1994 Nissan Sentra: 180,000 miles, cigarette burns in the cloth seats, leaky sunroof, screechy serpantine belt, spotty heating, touch-and-go brakes, smelled like fish. But it had a killer sound system and skull chromies on the tire valves. Far and away my favorite. Sold it to a friend who still owned it up until recently.

1994 Buick Regal: I drove this when I moved to Detroit for one simple reason: No criminal with any self-respect would attempt to carjack it. I sold this car in 2003 for 200 bucks. The buyer's check bounced. All in all I netted 90 dollars.

But when I got married, my wife, at the time an accountant at Ford Motor Co., she got the employee discount, so I was spoiled to the tune of three new cars in the next five years. Nice perk. But now she works at a company that makes large industrial diesel engines. So unless I want to drive a school bus or a power generator to work, I needed to dive back into the used car markets.

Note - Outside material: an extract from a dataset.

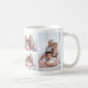 "Happy New Year" white, modern 4 family photo greeting/card gift mug with an elegant calligraphy script font. Order one for everyone on your Christmas list.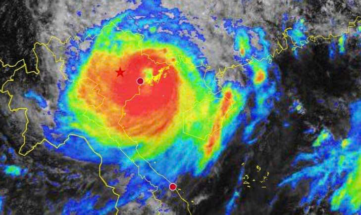 Lúc 13h,bão đã đổ bộ TP Móng Cái của tỉnh Quảng Ninh,sức gió hiện tại là 12. Ảnh: Trung tâm Dự báo Khí tượng Thủy văn quốc gia

Once again, here's a poem.

My old lease was up and I needed a car.
To find a used dealer, you don't have to go far.
A Chrysler or Chevy, a Toyota or Ford;
Maybe a Volvo, or a Honda Accord.

I pulled into the lot just a little bit skeptical,
The balloons, banners and music made quite a spectacle.
A salesman approached in his tie and short sleeves,
But these types of slicksters are my biggest pet peeves.

With a wide toothy grin he extended his hand.
"We've got great selections of every brand!
We've got all kinds of cars, both brand new and used.
I can even help you out if your credit is bruised."

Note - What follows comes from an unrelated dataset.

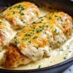This Smothered Cheesy Sour Cream Chicken is a creamy, cheesy baked chicken dish perfect for a comforting dinner. Tender chicken breasts are topped with mozzarella and smothered in a savory sour cream and Parmesan sauce, flavored with herbs and spices, then baked to golden perfection. It’s an easy-to-make meal that pairs wonderfully with rice or mashed potatoes for a satisfying family-friendly entree.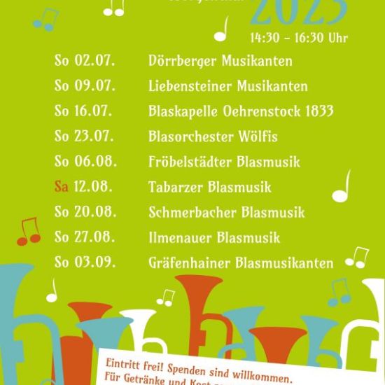 Kurparkkonzert in Georgenthal Sonntag 02.07. 2023 14:30 - 16:30 Uhr Die Dörrberger Musikanten eröffnen am 02. Juli 2023 in Georgenthal die Kurpark- Konzertsaison. Der Eintritt ist frei und Spenden sind gern willkommen. Die Georgenthaler Vereine sorgen für Getränke und Kost. Kurpark Georgenthal 99887 Georgenthal Alle Veranstaltungen Zurück alle Veranstaltungen Aktuell Navigation überspringen Nachrichten Bekanntmachungen Veranstaltungen Ticket Bestellung Termine Veranstaltungen filtern 2025 Dezember 2025 November 2025 Oktober 2025 September 2025 August 2025 Juli 2025 Juni 2025 Mai 2025 April 2025 März 2025 Februar 2025 Januar 2025 2024 Dezember 2024 November 2024 Oktober 2024 September 2024 August 2024 Juli 2024 Juni 2024 Mai 2024 April 2024 März 2024 Februar 2024 Januar 2024 2023 Dezember 2023 November 2023 Oktober 2023 September 2023 August 2023 Juli 2023 Juni 2023 Mai 2023 April 2023 März 2023 Februar 2023 2022 November 2022 Oktober 2022 September 2022 2021 Oktober 2021 September 2021 August 2021 Juli 2021 2020 Dezember 2020 November 2020 Oktober 2020 September 2020 August 2020 Juli 2020 Juni 2020 Mai 2020 April 2020 März 2020 Februar 2020

"I know you're busy, and I don't mean to trouble you,
But someone just traded in a red BMW.
It's certified pre-owned and has been driven quite gently.
I also have a Benz and a second-hand Bentley."

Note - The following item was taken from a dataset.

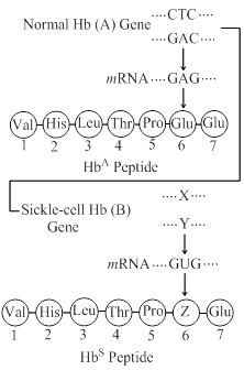 22.Sickle-cell anaemia is an autosomal linked recessive trait can be transmitted from parents to the offspring when both the partners are carrier for all the genes or heterozygous. The disease is controlled by a single pair of allele, $Hb^A$ and $Hb^S$. Identify X, Y and Z

I reply, "I do not want anything with that kind of flash.
The insurance alone would eat up my cash.
And I don't respond well to your sales hocus pocus;
How about something more sensible - a Dodge or a Focus?"

He says "What if I told you I'd make you a deal
On an all-wheel drive Infiniti automobile?
You could leave here today seated behind the wheel
I would not pass it up. It's considered a steal."

"It's a silver sedan with a charcoal interior,
Very budget-friendly, and looks quite superior.
Anti-lock brakes and a sporty suspension.
And too many features to remember to mention."

"We have the best financing in all of the town -
Our low APR will make you jump up and down.
How about we do business and sign all the papers?
I'll even throw in some floor mats and extra ice scrapers."

He offered me coffee, water or Coke.
"You're a lawyer, you say? Well here's a good joke:
How many attorneys do you think it would take..."
I say "Stop right there, you're making a mistake."

"You see, you and me, we're like kindred spirits -
People make fun, but we don't like to hear it.
The lawyer and salesman are destested and hated.
And so it is our professions are fated."

"But when we team up at least we can be civil,
And not stoop to all of this stereotypical drivel.
So let's make a pact and vow to play nice.
And then we can start to haggle over price."

"And oh by the way, the correct answer is 'two'.
One to screw in the bulb and the other to sue."

1 comments:

Alice said...

My first vehicle was also a 1985 Grand Am,
The last time I rode in it, there was a big slam.
As I slid across 4 lanes of traffic that day;
I wondered what my mom and dad would have to say.

A few minutes later, EMTs came to my rescue,
I tried to be brave, but all my senses were askew.
Thankfully only the vehicles were injured - especially his vette,
And personal injury lawyers weren't on TV just yet.